You're asking two questions regarding "all there is are idiolects" (the comma is extraneous and will be discarded for this answer), which I'll paraphrase:
- Is "is are" a double copula here?
- Is there a grammatical problem with plurality for "is are" here?
1. Is there a double copula?
Copula
A connecting word, in particular a form of the verb be connecting a subject and complement.
- ODO
The double copula in the sense of "the thing is, is that ..." is ungrammatical. Your idiolects example has no double copula.
In the phrase all there is, the word is is not a copula - it doesn't connect a subject to a complement. It is instead an instance of the existential is. Setting aside the issue of plurality for the moment, the phrase all there is translates to all the instances.

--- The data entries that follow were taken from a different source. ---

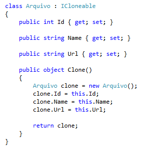 Mas existe uma ressalva sobre este método: o Attach EXIGE que a instância de objeto passada por parâmetro não esteja vinculada a nenhum outro Data Context, isto é, caso a instância de objeto passada por parâmetro para o método Salvar tenha vindo diretamente de um Data Context, o attach não ocorrerá, e receberemos uma mensagem de erro, por isso, neste caso, a classe Arquivo implementa a interface ICloneable, resultando nesta estrutura:
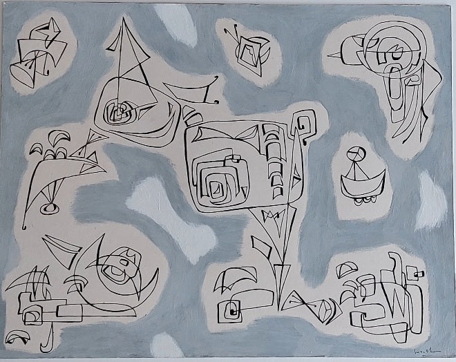 Olieverf en inkt op karton, gesigneerd rechts onder. Afmetingen: 43 cm x 55 cm. Niet ingelijst.
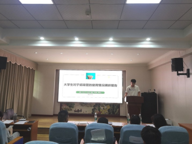 材料科学与工程公司胡成同学从项目背景、装置组成、视频展示、智能未来等四个维度介绍了智能瓶罐垃圾回收装置。他从政治环境、社会环境、经济环境和技术环境等四个方面分析了该项目的前景,认为智能瓶罐垃圾回收具有减少环境污染、创造更大价值、提高效率与节约成本方面的意义,结合视频展示讲解了装置的组成部分,包括供电装置、分类装置、压缩装置、存储装置和其他部分(LED屏幕、微信小程序返现、指示灯、语言对话功能等),另外该装置在公交车站、公园座椅和购物广场等不同场景可以有不同功能,这也是该装置的特殊之处。
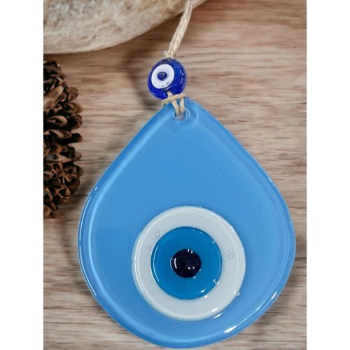 Orta Boy Mavi Damla Desen Nazar Boncuklu Duvar Dekoru Cam Duvar Süsü
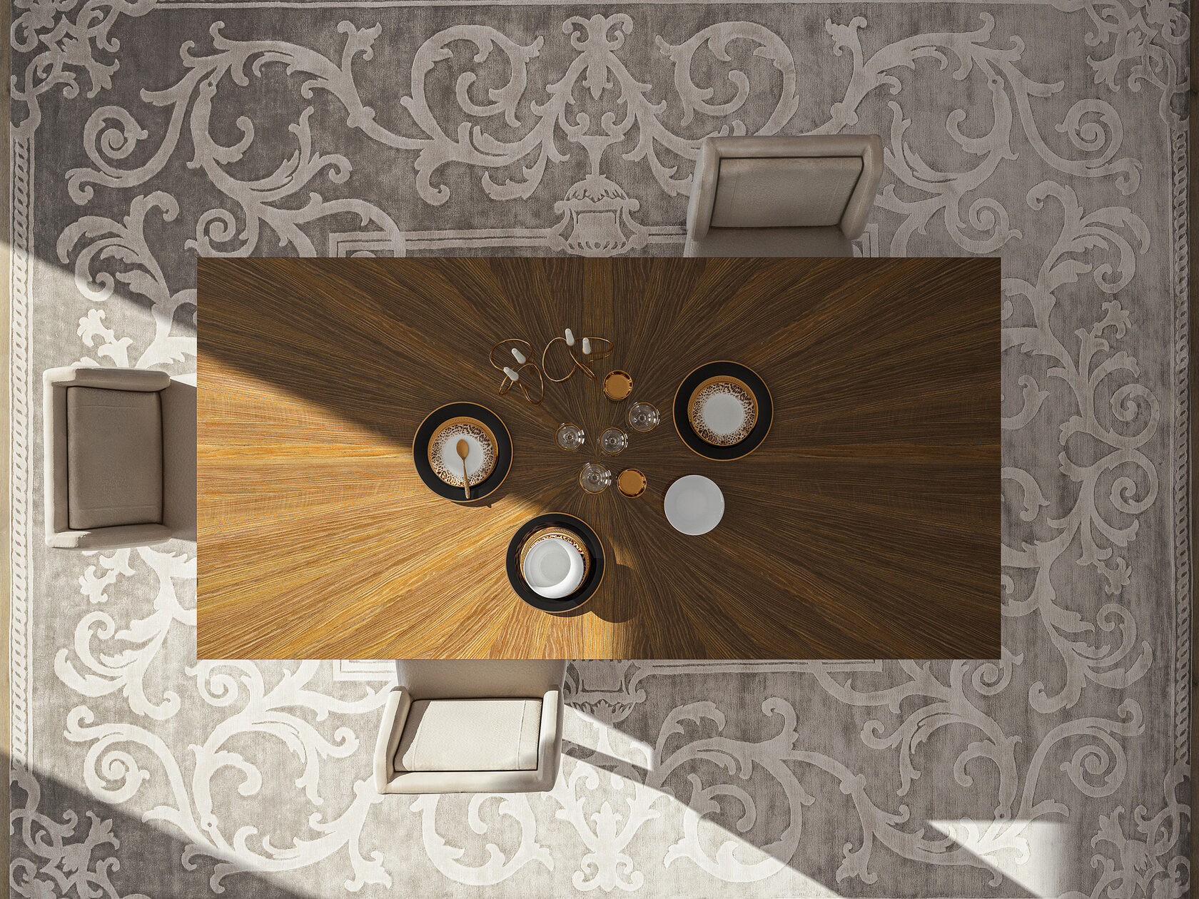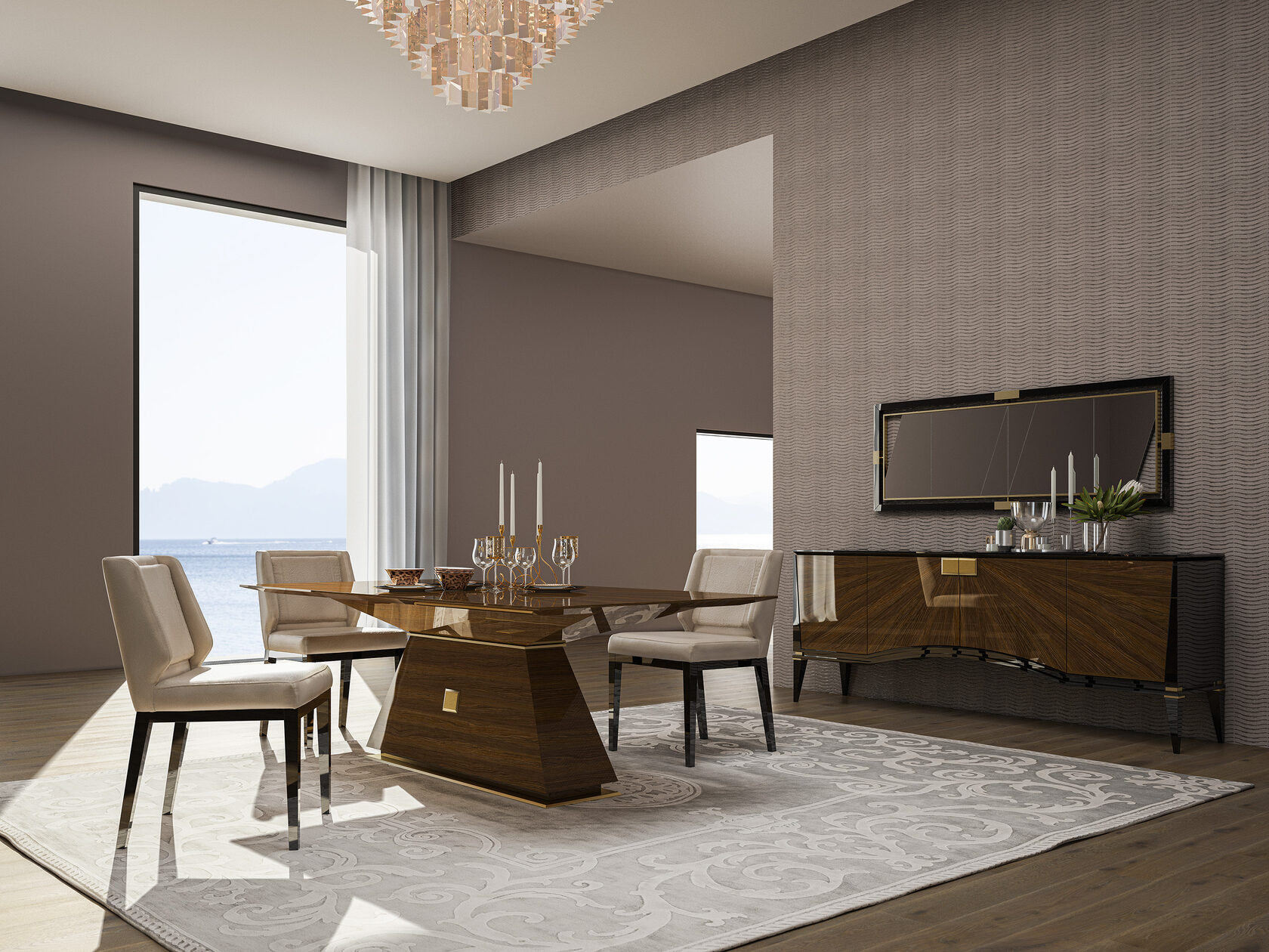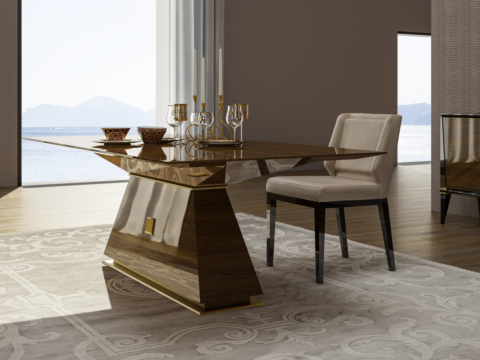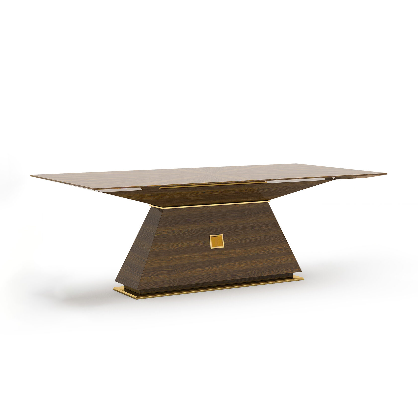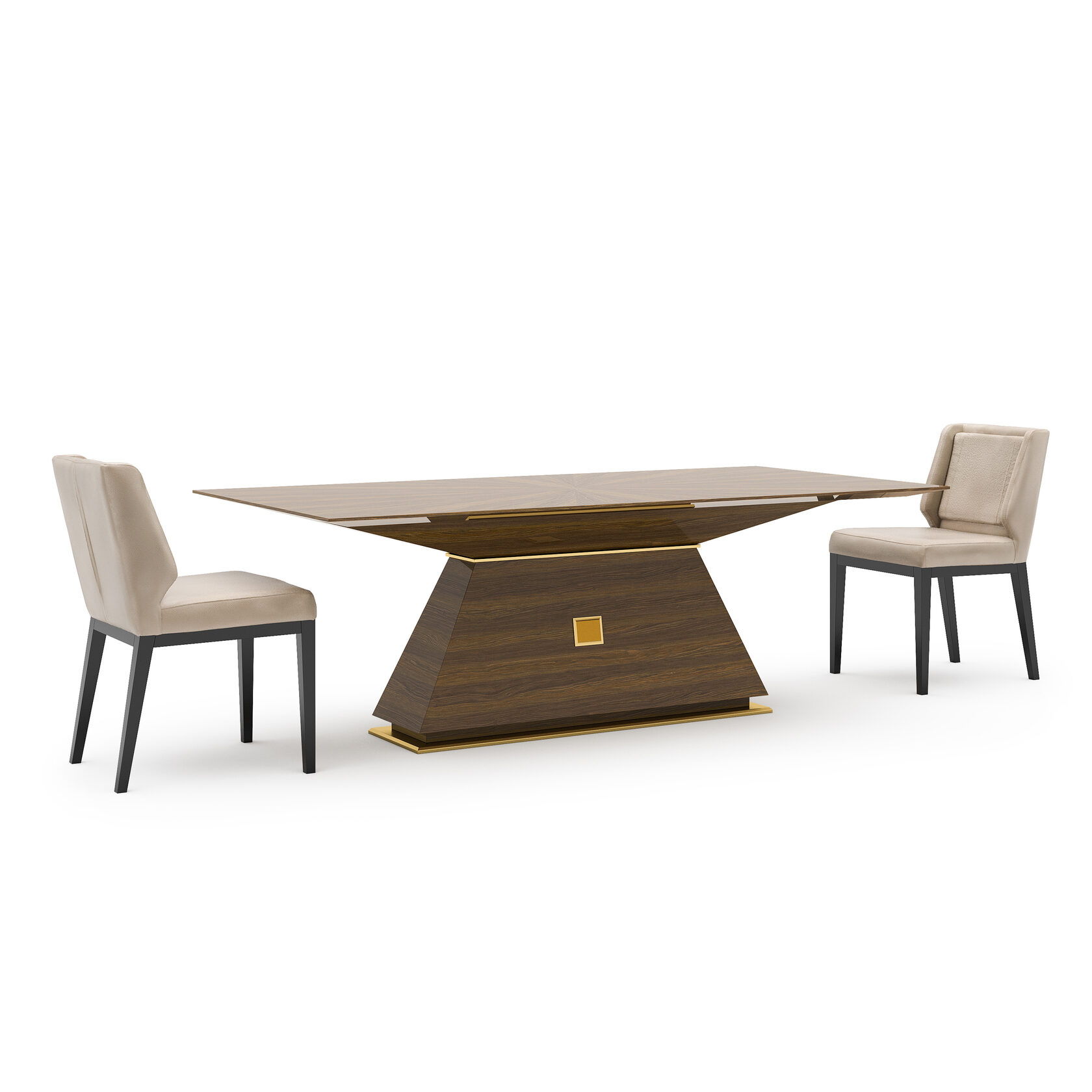 Обеденный стол Kaнт создаст ощущение уникальности. Он переносит нас в прошлое благодаря необычной интерпретации классических деревянных изделий и латунных деталей. Четкие линии стола выполнены из МДФ шпона, покрытого итальянским лаком.
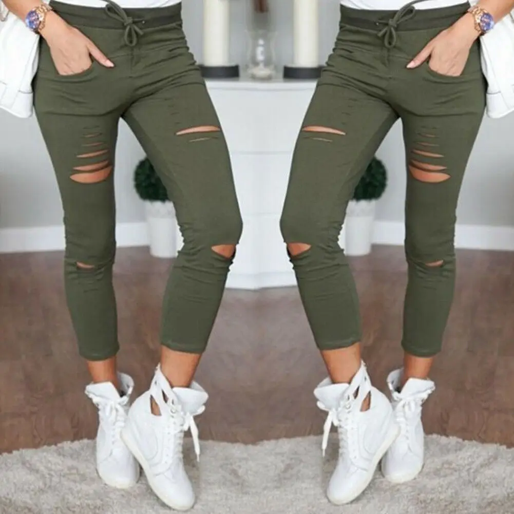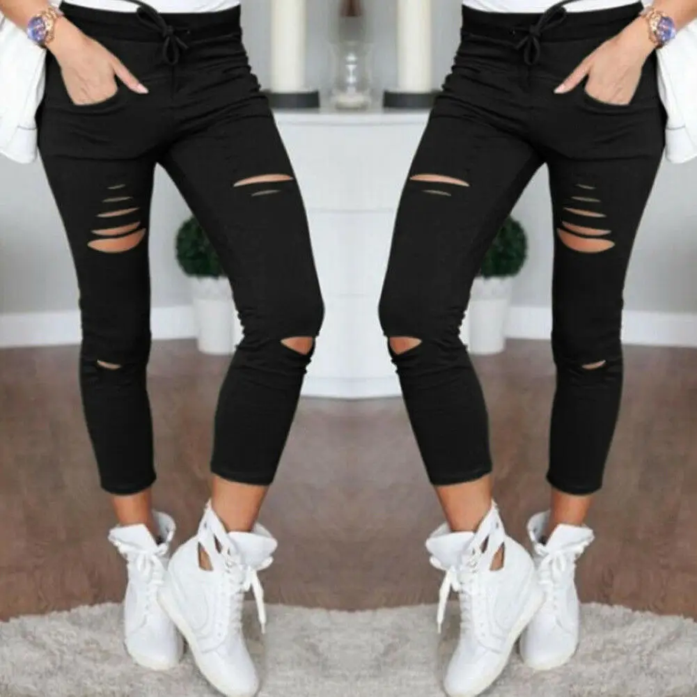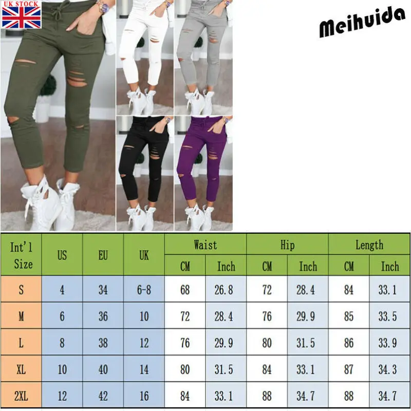 New Fashion Womens Ripped Stretchy Jeans Leggings Ladies Skinny Jegging Slim Hole Pants Black White Red Green Trousers
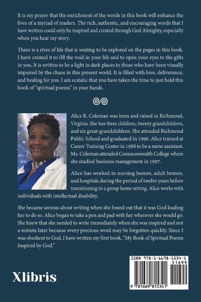It is my prayer that the enrichment of the words in this book will enhance the lives of a myriad of readers. The rich, authentic, and encouraging words that I have written could only be inspired and created through God Almighty, especially when you hear my story. There is a river of life that is waiting to be explored on the pages in this book. I have created it to fill the void in your life and to open your eyes to the gifts in you. It is written to be a light in dark places to those who have been visually impaired by the chaos in this present world. It is filled with love, deliverance, and healing for you. I am ecstatic that you have taken the time to just hold this book of "spiritual poems" in your hands.
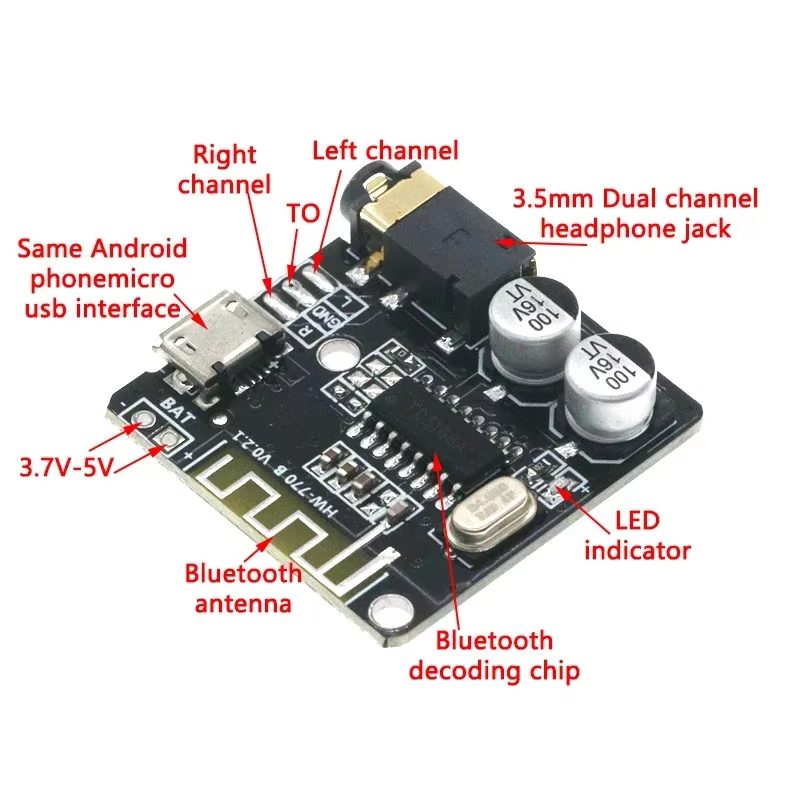 Además, el módulo suele incluir controles básicos y salida de audio estéreo, facilitando la implementación sin necesidad de circuitos complejos. Es ideal tanto para aficionados a la electrónica como para desarrolladores que requieren soluciones rápidas de audio inalámbrico.
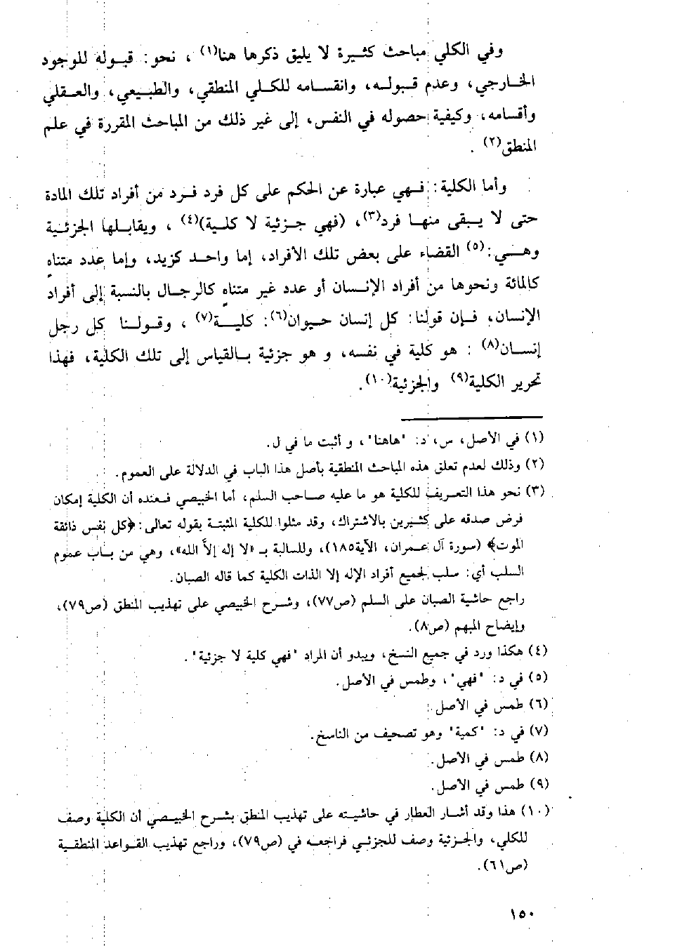 وفي الكلي مباحث كثيرة لا يليق ذكرها هنا, نحو: قبوله للوجود الخارجي, وعدم قبوله, وانقسامه للكلي المنطقي, والطبيعي, والعقلي وأقسامة, وكيفية حصولع في النفس, إلى غير ذلك من المباحث المقررة في علم المنطق.
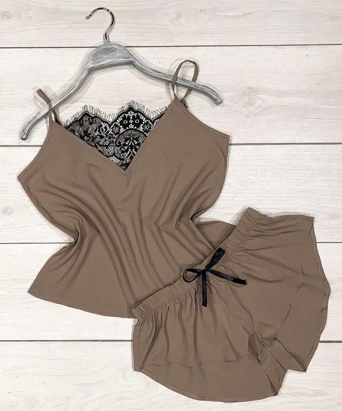 Модель шорт з низькою талією на зручній гумці, спереду декор у вигляді чорною атласною стрічки. яка зав'язується на елегантний бант.
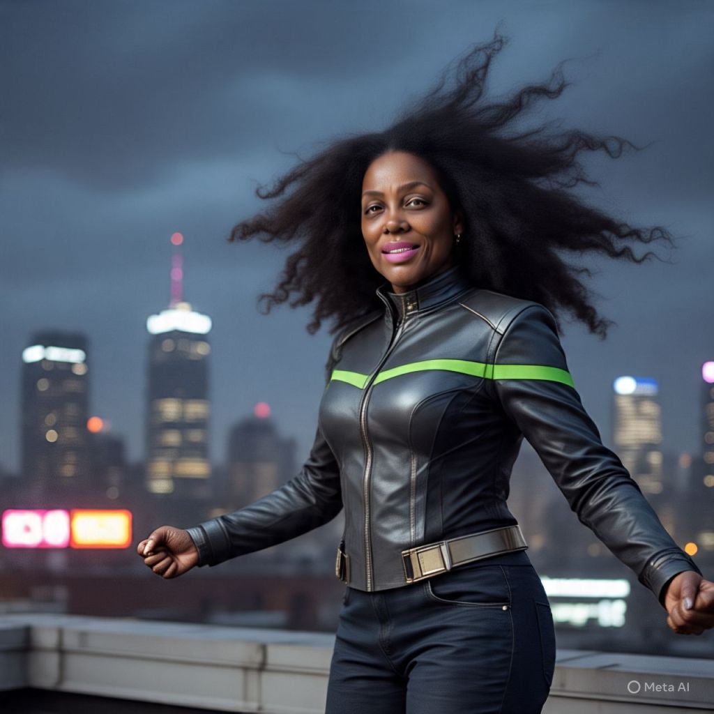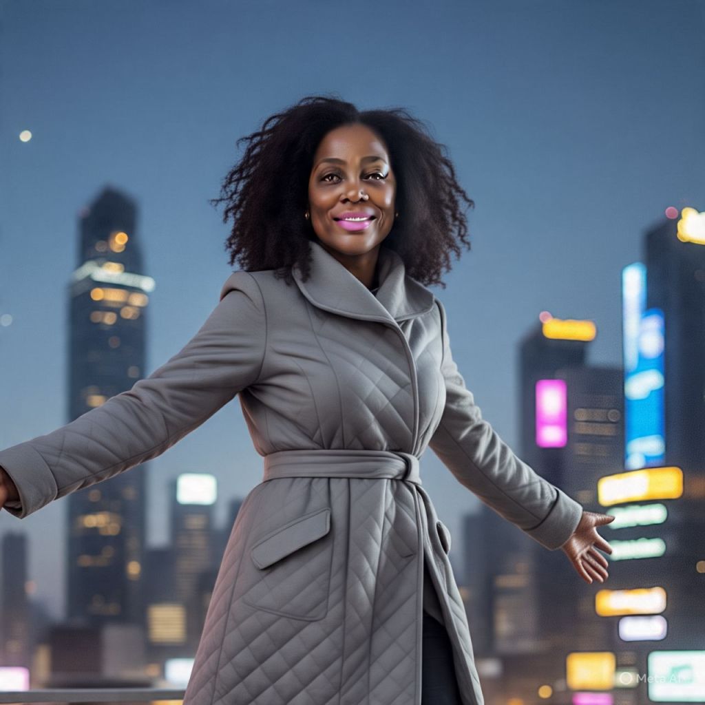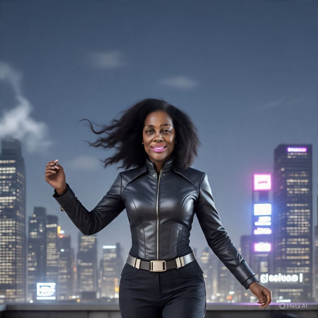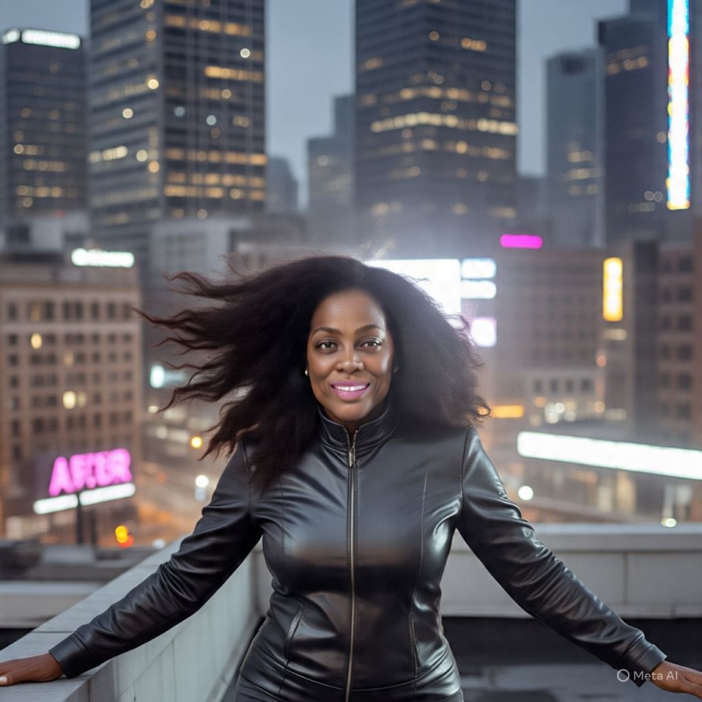 She steps forward, grins at the city skyline:

Breaking down the sentence, we have:
- all = everything (noun);
- that: "Used to introduce a defining clause, especially one essential to identification" - definition 5 in ODO (see also example 5.1 in the same link). Constrains all to those that exist (see below);
- is = "exists" - definition 1 in ODO (see the last example in definition 1). Defines which instances of all are being considered;
- are: copula, joining "all that is" with "idiolects"; and
- idiolects: noun
So "all that is" is a noun phrase. Leaving aside the issue of plurality again for now, we can replace that noun phrase with the pronoun "they". The sentence then reduces to, and has the sense of,
they are idiolects.
As you can see, there is no double copula here. Likewise with "all there is is a cat" and "all there are is a sock".
With a cat is is all there, though, "a cat is" isn't a noun phrase. Both instances of is link a cat to all there, so that second version is a double copula and it is therefore ungrammatical.
2. Is there a grammatical problem with plurality for "is are"?
I'm still a little unsure of this part but will articulate an opinion and invite further discussion.
The plurality of all isn't in question - it has singular or plural agreement depending on what it references. See this ELL answer, this EL&U answer, and rule 8 of this link. For example, "all of the roses are red" and "all of the rose is red" are both grammatical. We're then left with whether the noun phrase "all there is" can have plural agreement.
Consider a similar sentence: All that's left are scraps. The word all refers to the collection of things left behind, perhaps a few bones and some gristle. I suspect that if there is flexibility in regarding the collection as either a unit or as a plurality of its constituents, we also have the flexibility to consider the noun phrase as singular or plural. The singular case would give rise to a sentence like All that's left is scrap.
In your example, the singular case would be "all there is is idiolect", but the plural case "all there is are idiolects" is also grammatical. Note, though, that the singular case for both the scrap and idiolect examples raise the level of abstraction - they refer to the nature of the instances rather than the instances themselves.